Towers Hall, or Towers, is a university hall of residence in Loughborough, Leicestershire, England. It belongs to and is on the main campus of Loughborough University, housing up to 310 students. Towers was built as part of the Loughborough College of Education, prior to the 1977 merger with the university. It was constructed between 1963-5 and opened for residents in September 1967. The building was designed by architectural practice Gollins, Melvin, Ward, and Partners, who were also responsible for large segments of the University of Sheffield during the same period; for example, the Library and Arts Tower. Towers Hall was built as the centre point of a courtyard of surrounding teaching blocks of one or two storeys. Currently only the Matthew Arnold building survives following the demolition of the remainder in the early 21st century. The building is locally listed by Charnwood Borough Council.
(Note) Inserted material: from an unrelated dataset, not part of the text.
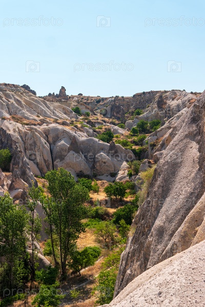 Горэме, Невшехир, Турция. эрозированные скальные образования с резкими ярко-цветными породами, пересеченной зеленью, деревьями и кустарниками в середине земли, большие образования на заднем плане под чистым голубым дневным небом

== Design & Construction ==
Towers Hall was constructed as part of a masterplan by Gollins, Melvin, Ward, and Partners in 1963–5. It was designed as a cohesive complex including low-level teaching blocks surrounding the central residential towers. The entrance to the west tower is located on the north side of the building, via a large, recessed opening with a set of concrete steps leading to the door. This is mirrored in the entrance to the east tower which is located at the south side of the building.

At ground floor level, both towers originally had full-height openings underneath to enable foot-passage beneath the structure, these have since been in-filled. The windows are metal-framed and extrude from the main elevation in chamfered pre-cast concrete panels.

At the base of the east tower, there is a modern extension housing a common room which was constructed in 2016.